First California allegedly negligently falsified plaintiff's income, appraisal value of the property, and other information on his loan application. (Id. ¶ 38.) This was done to "induce" plaintiff to enter the loan transaction. (Id. ¶ 40.)

Plaintiff further alleges that plaintiff did not receive the required Notice of Right to Cancel pursuant to the Truth in Lending Act ("TILA"), 15 U.S.C. §§ 1601-1667f, at the time of the loan origination. (SAC ¶ 28.) Plaintiff's signature on the Notice of Right to Cancel in First California's possession is allegedly forged. (Id.)

Plaintiff alleges that GMAC is liable because GMAC "assumed or was assigned" the loan. (Id. ¶¶ 8, 13.) Also, GMAC had an "agreement" with First California to accept loans that included "false information and pre-payment penalties borrowers were not aware of, for the purpose of closing a higher volume of loans for their financial gain." (Id. ¶ 14.)

Plaintiff filed the initial complaint in California Superior Court in Placer County on February 18, 2010. (Docket No. 1.) With GMAC's consent, First California removed the case to this court on March 18, 2010. (Id.) Plaintiff asserts claims for a TILA violation, negligence, fraud, and violations of California's Unfair Competition Law ("UCL"), Cal.

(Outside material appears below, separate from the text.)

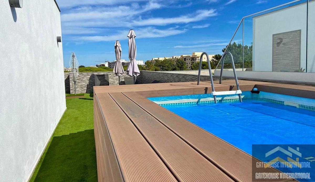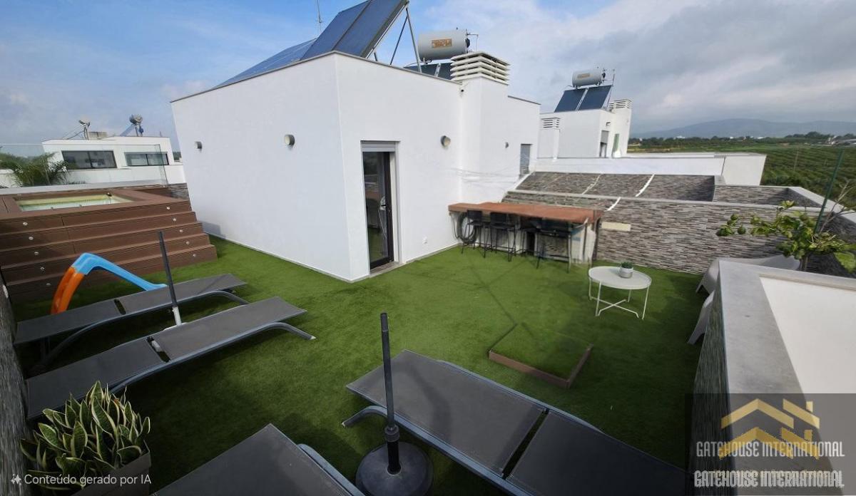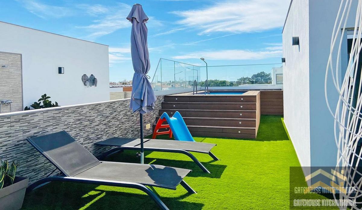 4 Bed Modern House With Plunge Pool in Olhao Algarve - this versatile modern town house with 3 bedrooms plus an office and a basement area for more bedrooms or a gym with outside areas including a roof top terrace complete with a plunge pool. The property comprises on the ground floor a bright and airy open-plan living space that seamlessly connects the living and dining areas with a stylish fully equipped kitchen with a visitors bathroom. The first floor has three good sized bedrooms with a luxury en-suite to the master bedroom with a shared family bathroom with a bathtub. in addition there is a smaller room ideal for a home office. There is a lower level basement with a garage and three versatile rooms, perfect for additional bedrooms, a home gym, or extra storage. Outside, there is a ground floor garden with BBQ plus a rooftop terrace being a true highlight with a laundry room opening out to a spacious outdoor area with a plunge pool. in brief: - entrance - lounge, diner and open plan kitchen - garden - 3 bedrooms - 2 bathrooms - office - basement with 3 rooms - garage - Laundry room - roof terrace with plunge poolFeatures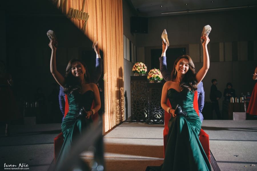 另如這場在艾美的婚禮,我們的遊戲是讓新人來考驗默契進行美式的舉鞋默契大考驗,題目設計的搞笑、幽默,自然而然台下的賓客也會非常熱衷參與,全場的至親好友全都哈哈大笑

Bus. & Prof. Code §§ 17200-17210. The court granted defendants' motions to dismiss the initial complaint in its entirety on May 12, 2010. (Docket No. 17.) The court granted First California's motion to dismiss the First Amended Complaint on August 6, 2010. (Docket No. 29.) Both defendants now move to dismiss the SAC pursuant to Federal Rule of Civil Procedure 12(b)(6).

II. Discussion

To survive a motion to dismiss, a plaintiff must plead "only enough facts to state a claim to relief that is plausible on its face." Bell Atl. Corp. v. Twombly, 550 U.S. 544, 570 (2007). This "plausibility standard," however, "asks for more than a sheer possibility that a defendant has acted unlawfully," and where a complaint pleads facts that are "merely consistent with" a defendant's liability, it "stops short of the line between possibility and plausibility." Ashcroft v. Iqbal, ---U.S. ----, 129 S.Ct. 1937, 1949 (2009) (internal quotation marks omitted). In deciding whether a plaintiff has stated a claim, the court must assume that the plaintiff's allegations are true and draw all reasonable inferences in the plaintiff's favor. Usher v. City of L.A., 828 F.2d 556, 561 (9th Cir. 1987). However, the court is not required to accept as true "allegations that are merely conclusory, unwarranted deductions of fact, or unreasonable inferences." In re Gilead Scis. Sec. Litig., 536 F.3d 1049, 1055 (9th Cir. 2008) (internal quotation marks omitted).

In general a court may not consider items outside the pleadings upon deciding a motion to dismiss, but may consider items of which it can take judicial notice. Barron v. Reich, 13 F.3d 1370, 1377 (9th Cir. 1994). A court may take judicial notice of facts "not subject to reasonable dispute" because they are either "(1) generally known within the territorial jurisdiction of the trial court or (2) capable of accurate and ready determination by resort to sources whose accuracy cannot reasonably be questioned." Fed. R. Evid. 201.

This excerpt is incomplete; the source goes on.